Do any of you have these machines? Which brands do you have and do you like them and use them? I'm thinking about getting one or both.


----------



## petey (May 1, 2010)

I have a "Yogourmet" yogurt maker, and I like it a lot because I can make a big two quart container in it. I use it to incubate my sour cream also. Our ice cream maker is a 20+ yr old Sterling, and I am just now getting ready to replace it. We use them both constantly, as we are 110 miles from the nearest town, so picking these things up at the grocery store isn't feasible.


----------



## Ziggy (Nov 13, 2009)

Anyone have one of those new expensive ones that have a built in compressor - they freeze it while making it - no need for ice?


----------



## buckrun (Mar 7, 2008)

Yes 
we have a 'Gelato Junior' or some such. It is wonderful.
We love it- the only complaint is the tank is not big enough!
I make fruit sorbet and ice milk and milk fruit combos and just ridiculous pistachio gelato.


----------



## Bella Star (Oct 27, 2007)

For yogurt, I use a electric Salton yogurt maker 
For Ice Cream, I use a electric 2Qt. Cuisinart ice cream/frozen yogurt maker with a freezer insert that you freeze before making ice cream .

I use both a lot each milking season now for about 3 years and I am using them now


----------



## Ziggy (Nov 13, 2009)

Thanks Lee - I think I'll put it on my Christmas list . I wanted to hear someone from here used and liked it first.


----------



## buckrun (Mar 7, 2008)

We do like it but the container is small if you really love ice cream but it makes a very light product with the constant turning of the blade. Squidge can eat the whole thing by himself so if I plan for it feed anyone other than him I have to do 2 batches. If your ingredients are cold it takes about 20 mins. One very neet thing is if you miss the beeper that says it is finished (when it is too solid for the paddle to turn any more) it will just run the cooling part until you get there.


----------



## LynninTX (Oct 25, 2007)

[[For Ice Cream, I use a electric 2Qt. Cuisinart ice cream/frozen yogurt maker with a freezer insert that you freeze before making ice cream .]]

Me too. I have 3 inserts so we can do 3 batches at a time.

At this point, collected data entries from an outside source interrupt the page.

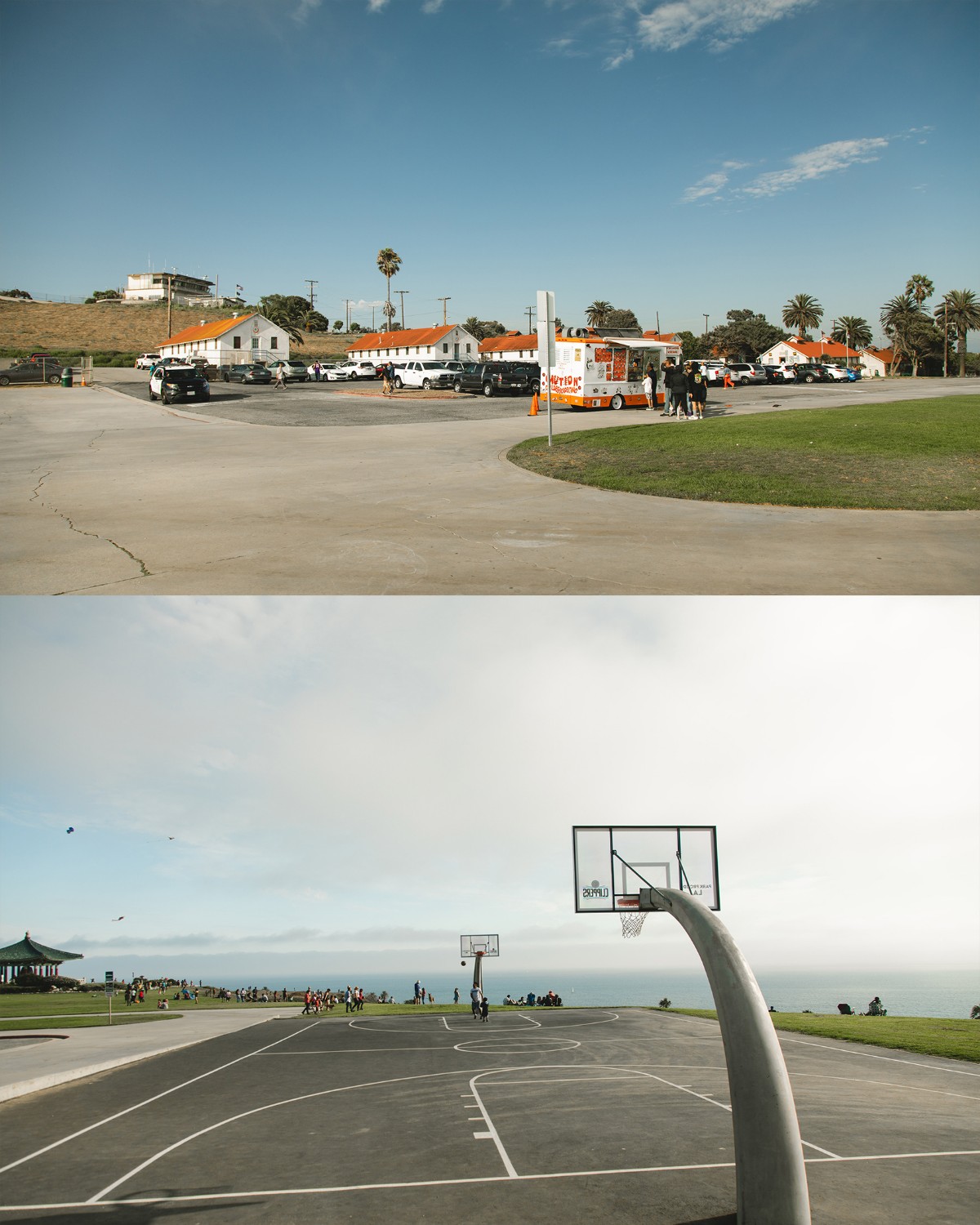 ส่วนตรงข้างๆจะมีสนามบาสเกตบอลกับวิวท้องทะเล มองไปเห็นรอบๆสวยงามมากๆ
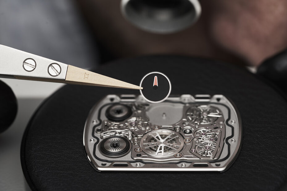 Bộ cót phẳng bổ sung đã được cấp bằng sáng chế còn được trang bị một dây tóc cực kỳ tốt và cấu trúc của bộ thoát cũng được thiết kế lại hoàn toàn. Ngoài ra, để tối ưu độ dày của đồng hồ, tấm đỡ của bánh xe cân bằng và chốt bảo vệ đã được loại bỏ. Bộ thoát siêu phẳng mới cũng được cấp bằng sáng chế. Titan đã được chọn làm vật liệu chế tác vỏ đồng hồ nhằm đáp ứng tiêu chí độ dày chỉ 1,75mm và khả năng chống nước ở độ sâu 10m vì những đặc tính ưu việt của chất liệu này trong việc kết hợp giữa độ nhẹ và khả năng chống chịu đã được thử nghiệm.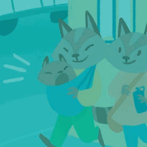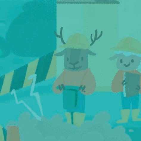 MORNING IN MOSSYLEAF GLADE . WANT TO SLEEP IN, BUT IT’S TOO NOISY! LOOK AT THE ANIMALS COMING AND GOING AND COMPLETE THE MISSING PARTS BY PLACING THE STICKERS WHERE YOU THINK THEY SHOULD GO.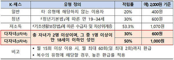 K-패스 다자녀 할인 혜택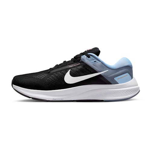 För extra stöd har en integrerad spets lagts till runt mellanfoten/valvet för en bättre och säkrare passform. Data från hundratals löpare användes för att bestämma rätt plats för hälskyddet. Hälen är också förformad, så att din fot stannar på plats. Structure 24 erbjuder extra dämpning från häl till tå jämfört med sin föregångare. Zoom Air-enheten i framfoten ger responsiv dämpning för optimal energiåterföring för att hjälpa dig framåt. Mellansulan i skum ger en fast, men ändå smidig och stabil känsla när din fot träffar marken.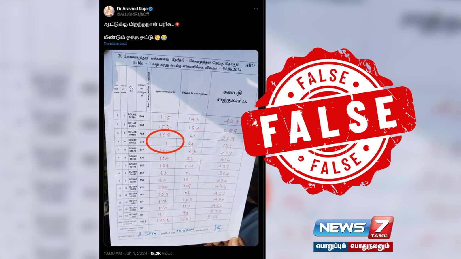 கோயம்புத்தூரில் உள்ள பூத் ஒன்றில் பாஜக மாநிலத் தலைவரான அண்ணாமலை ஒரே ஒரு ஓட்டு மட்டுமே வாங்கினார் என சமூக வலைதளங்களில் ஒரு பட்டியல் வைரலாகி வருகிறது. இந்த செய்தியின் உண்மை குறித்து நியூஸ் செக்கர் ஆய்வுக்கு உட்படுத்தியது. இது குறித்து விரிவாக காணலாம்.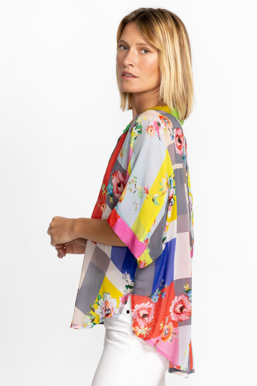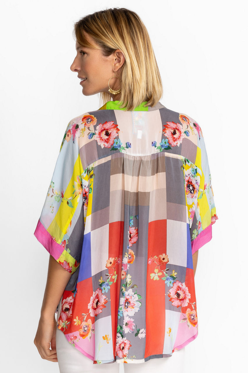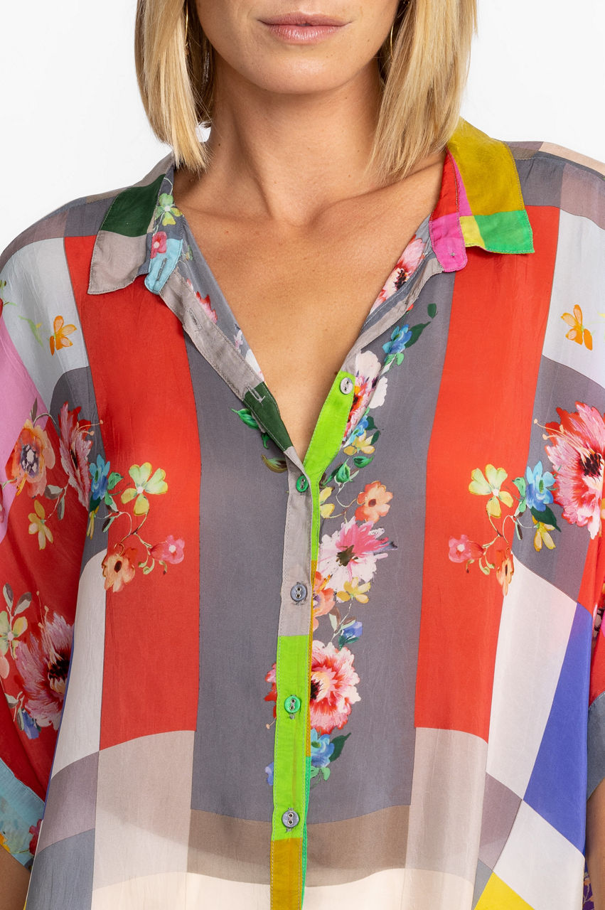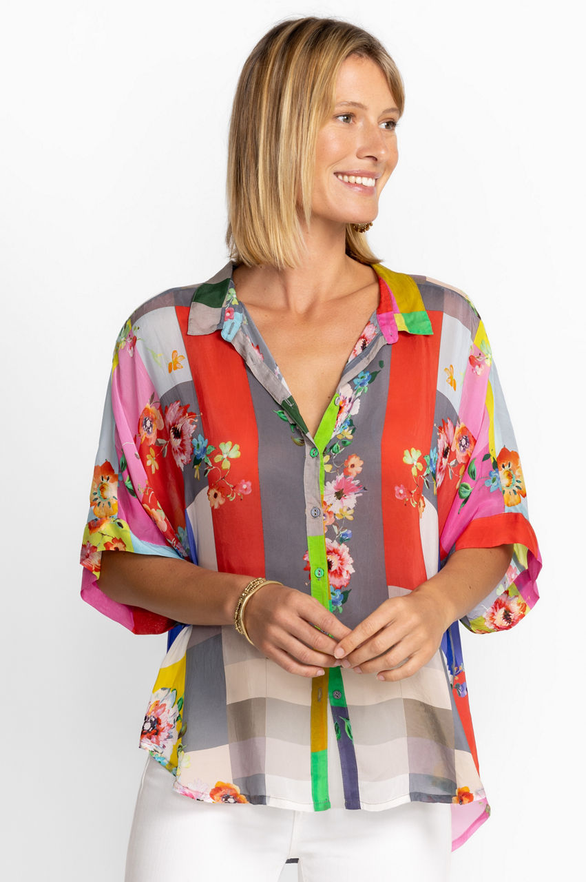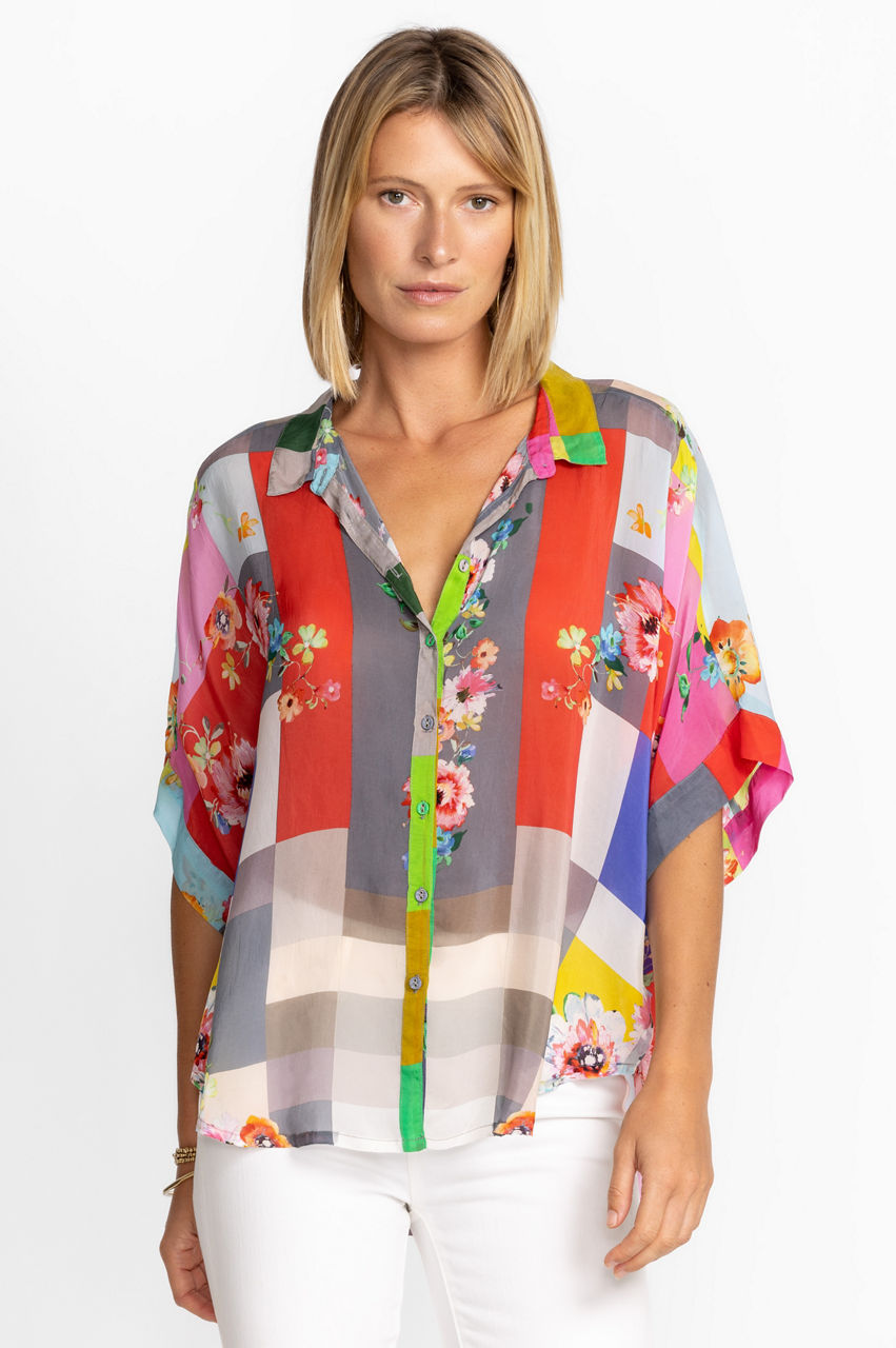 Contrasting yet complementary colors and patterns bring the Block Lynn Shirt to life. This shirt is made from a lightweight fabric and boasts a collar, short sleeves, a front button closure, and a bold multicolored block print with a romantic floral overlay. Keep this shirt as the main focus by pairing with plain separates.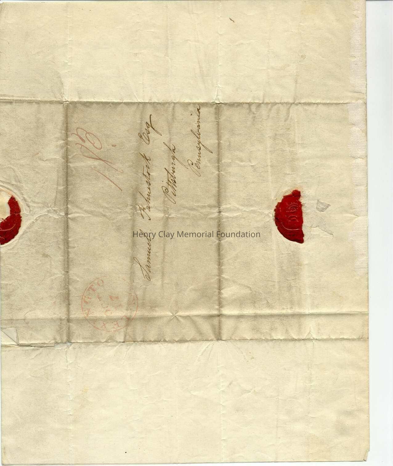 Letter from Henry Clay to Samuel Fahnestock, Esq.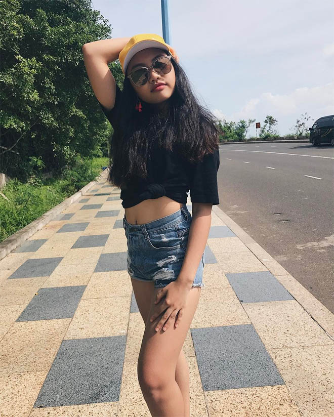 Khác với hình ảnh đen nhẻm, bình dị, ngây thơ trước đây, chị Bảy đã dần ra dáng thiếu nữ và bắt đầu ăn mặc sành điệu. Trong chuyến đi biển Vũng Tàu cùng gia đình, Phương Mỹ Chi không chỉ diện áo crop top, quần short ngắn mà còn có cách tạo dáng rất chuyên nghiệp trước ống kính.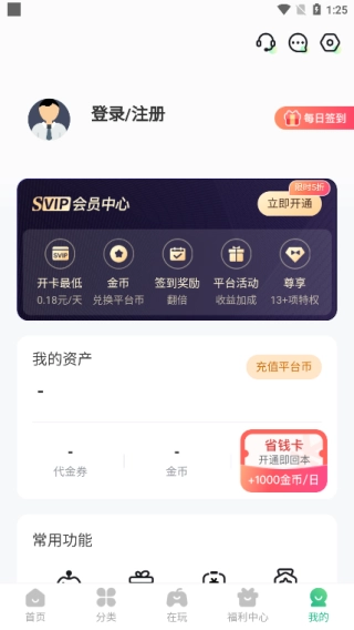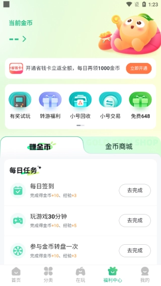 在福利中心页面既能赚取金币,也能前往金币商城进行兑换。
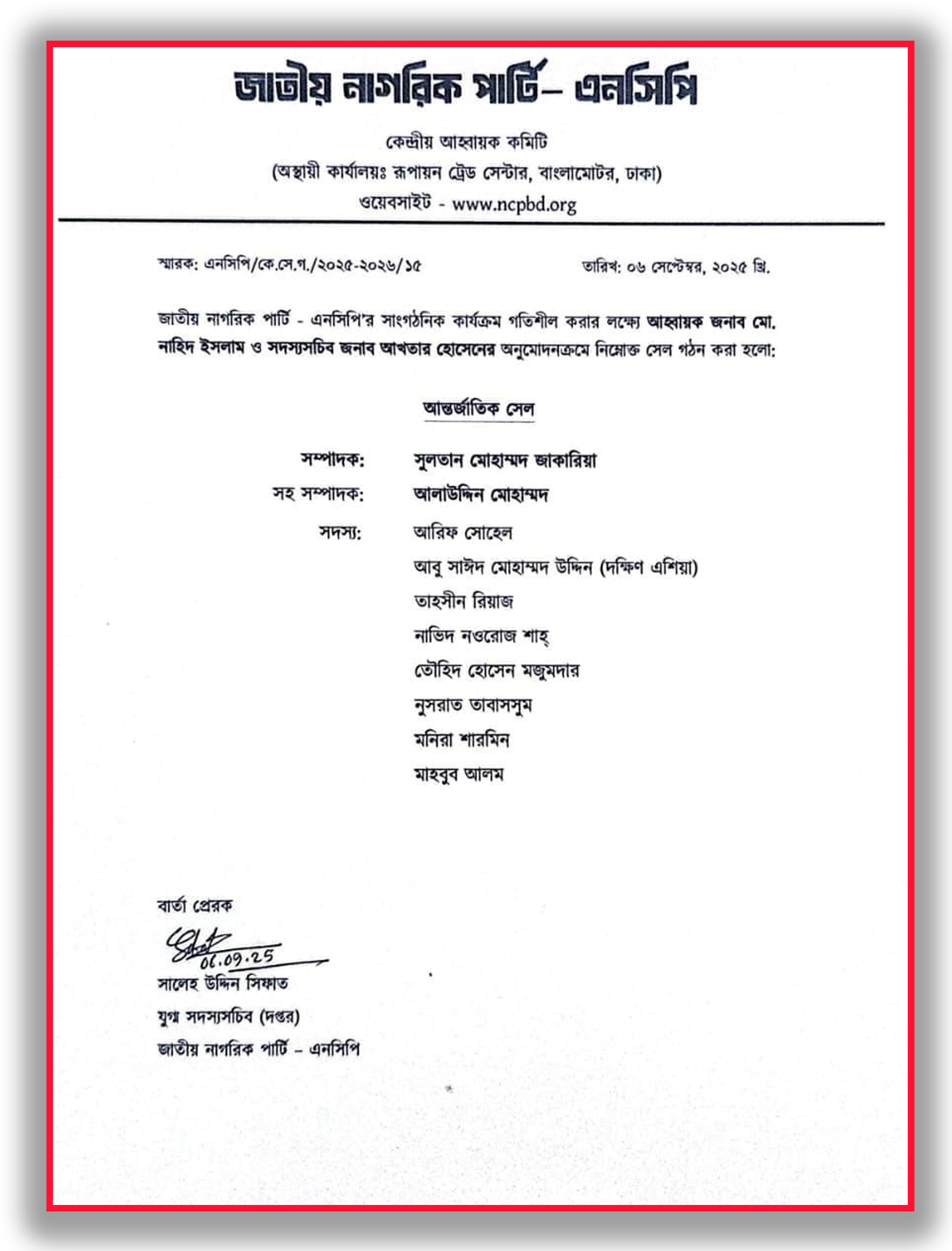 দলটির আহ্বায়ক মো. নাহিদ ইসলাম ও সদস্য সচিব আখতার হোসেন এ কমিটি অনুমোদন দিয়েছেন। গত (শনিবার, ৬ সেপ্টেম্বর) দলটির যুগ্ম সদস্যসচিব (দপ্তর) সালেহ উদ্দিন সিফাতের স্বাক্ষরিত এক বিজ্ঞপ্তিতে এ তথ্য জানানো হয়।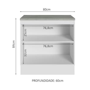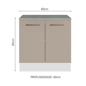 O móvel acompanha ainda tampo resistente em MDP e os pés são reguláveis em PVC, com rodapé removível para facilitar a limpeza.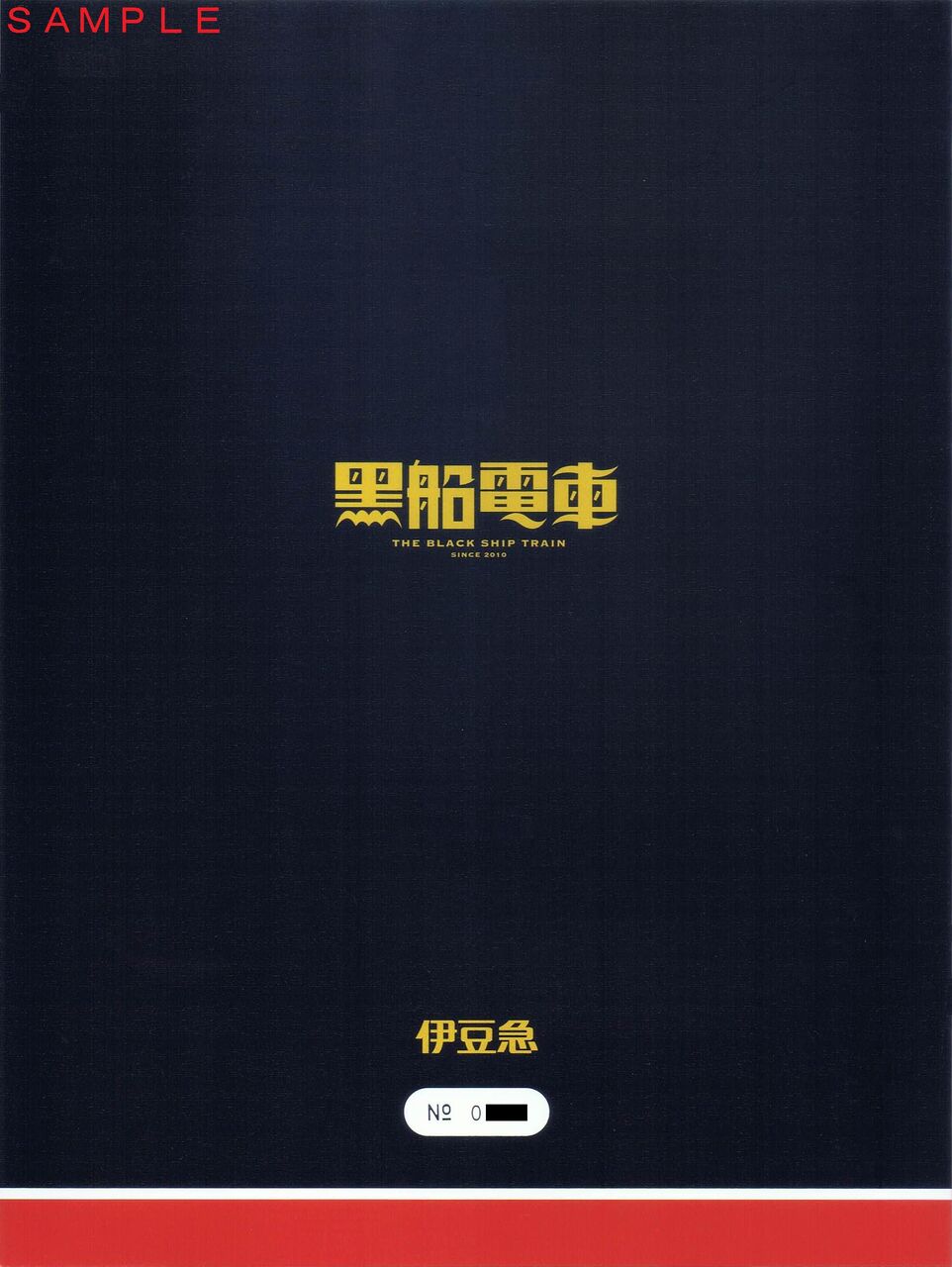 黒船電車デザインのB5サイズ台紙(写真左は表面、写真右は裏面)と伊東駅を除く全駅のA型硬券入場券をセットにした商品です。

For yogurt... I make too much at a time to fuss with an electric one. We do 14qts at a time in an ice chest. We make yogurt about 3x a week.


----------



## Bella Star (Oct 27, 2007)

:biggrin Lynn, I do need another insert for company as me and hubby can eat a whole batch for supper on a hot night . My yogurt maker makes enough for me and I can slip a little into the ice cream for hubby LOL!


----------



## LynninTX (Oct 25, 2007)

:lol Usually a triple batch lasts my family of 10 2 nights... sometimes with a bit more leftover... depends HOW we are eating it... it goes fastest if I make milk shakes... LOL

I made butter pecan though last week... and that was gone FAST even served with apple turnovers. 

We are so spoiled though and never buy ice cream anymore.


----------